» Exercise instructions: All that is needed is the first stretch of the listing below, repeated exactly and ending with the line that contains "新组件用一种特有的方法来调节". Pictures are to be left out.

» Input data:

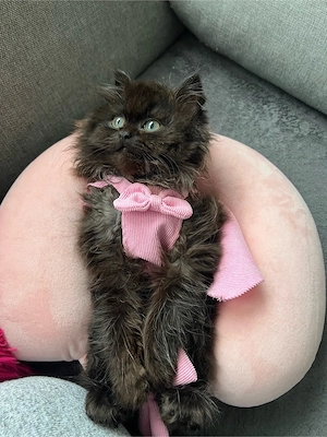 Britisch-Langhaar-Katze, fast drei Monate alt. Sie ist sehr süß und freundlich, spielt und kuschelt gerne und hat ein liebevolles Wesen. Sie ist stubenrein, sauber und ruhig eine perfekte Begleiterin für Zuhause. Bei Interesse bitte melden.
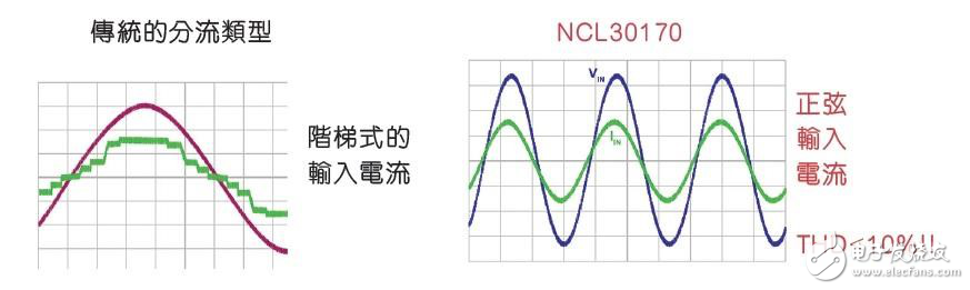 新组件用一种特有的方法来调节电流,而不是用于传统DACD方案的线性方法。电压触发点保持不变,但以此种方式调节电流使其不再是一个阶梯形状,因而产生平滑的正弦波电流(sinusoidal current)(图4右),导致低于10%的极佳THD水平。
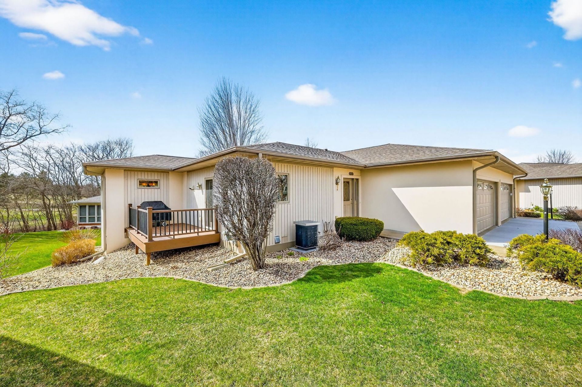 Welcome to Springbrook Drive, set on the golf course with west-facing sunset views offering a bright, open-concept main level filled with natural light. The spacious living and dining areas flow seamlessly into a well-appointed kitchen with abundant cabinetry and a dedicated laundry room and a maintenance-free deck with a built-in gas line. The main-level primary suite features an en-suite bathroom and walk-in closet, offering convenient one-level living. The finished lower level includes a second living area, full bathroom, and flexible layout with two bedrooms?or one bedroom and a private office as well as two large storage areas and attached two-car garage. Low-maintenance living with exterior upkeep and snow removal handled for you, all on a beautiful golf course setting.
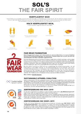 progressiv verbessern). Jedes Jahr verpfl ichtet sich SOL’S dazu, der Fair Wear Foundation einen Bericht

» Your solution:
 Britisch-Langhaar-Katze, fast drei Monate alt. Sie ist sehr süß und freundlich, spielt und kuschelt gerne und hat ein liebevolles Wesen. Sie ist stubenrein, sauber und ruhig eine perfekte Begleiterin für Zuhause. Bei Interesse bitte melden.
 新组件用一种特有的方法来调节电流,而不是用于传统DACD方案的线性方法。电压触发点保持不变,但以此种方式调节电流使其不再是一个阶梯形状,因而产生平滑的正弦波电流(sinusoidal current)(图4右),导致低于10%的极佳THD水平。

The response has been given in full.